FWIW, due to other instrumentation issues I've started doing a larger noinstr
cleanup on arm64 which should address this, as fixing this properly involves
also modifying a bunch of underlying helpers (e.g. preempt_count()).
I can Cc you when sending that out, if you'd like? That'll probably be in the
new year.
Thanks,
Mark.
On Fri, 9 Dec 2022 11:16:34 +0000
Mark Rutland <[email protected]> wrote:
> On Tue, Dec 06, 2022 at 09:41:37AM +0900, Masami Hiramatsu wrote:
> > On Fri, 2 Dec 2022 13:17:30 +0000
> > Mark Rutland <[email protected]> wrote:
> > > I had a go at testing this patch, and it fixes the crash with the reproducer
> > > above, but there are plenty of other instances in stacktrace.c that lead to the
> > > same sort of crash, e.g.
> > >
> > > # echo p stackinfo_get_task >> ${TRACEFS}/kprobe_events
> > > # echo 1 > ${TRACEFS}/events/kprobes/enable
> >
> > Oops, thanks for pointing! Hmm, I thought stackinfo_get_task() is an
> > inlined function usually. Maybe we should make it nokprobe_inline.

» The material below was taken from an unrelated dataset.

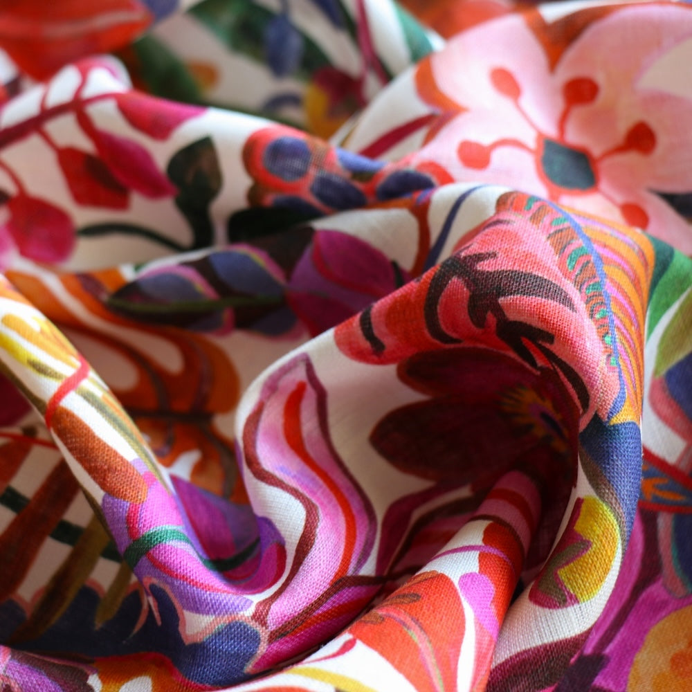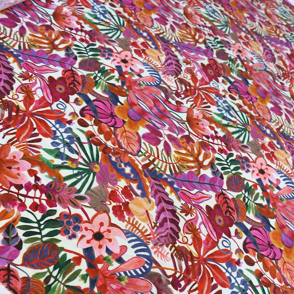 In Jungle Trip, intense tones and expressive paint marks create a layered tangle of foliage and flowers. A richly imaginative tropical landscape emerges, its stylised elements depicted in a riot of colour – painted by hand in the Liberty Fabrics studio.

> > But this is just one case. I need to scan all symbols to trace...
>
> FWIW, due to other instrumentation issues I've started doing a larger noinstr
> cleanup on arm64 which should address this, as fixing this properly involves
> also modifying a bunch of underlying helpers (e.g. preempt_count()).
>
> I can Cc you when sending that out, if you'd like? That'll probably be in the
> new year.
Thanks Mark, yes, I'm interested in that work.
Until that, I'll finish making a script for testing kprobes widely on
kernel symbols.
Thank you,
>
> Thanks,
> Mark.
--
Masami Hiramatsu (Google) <[email protected]>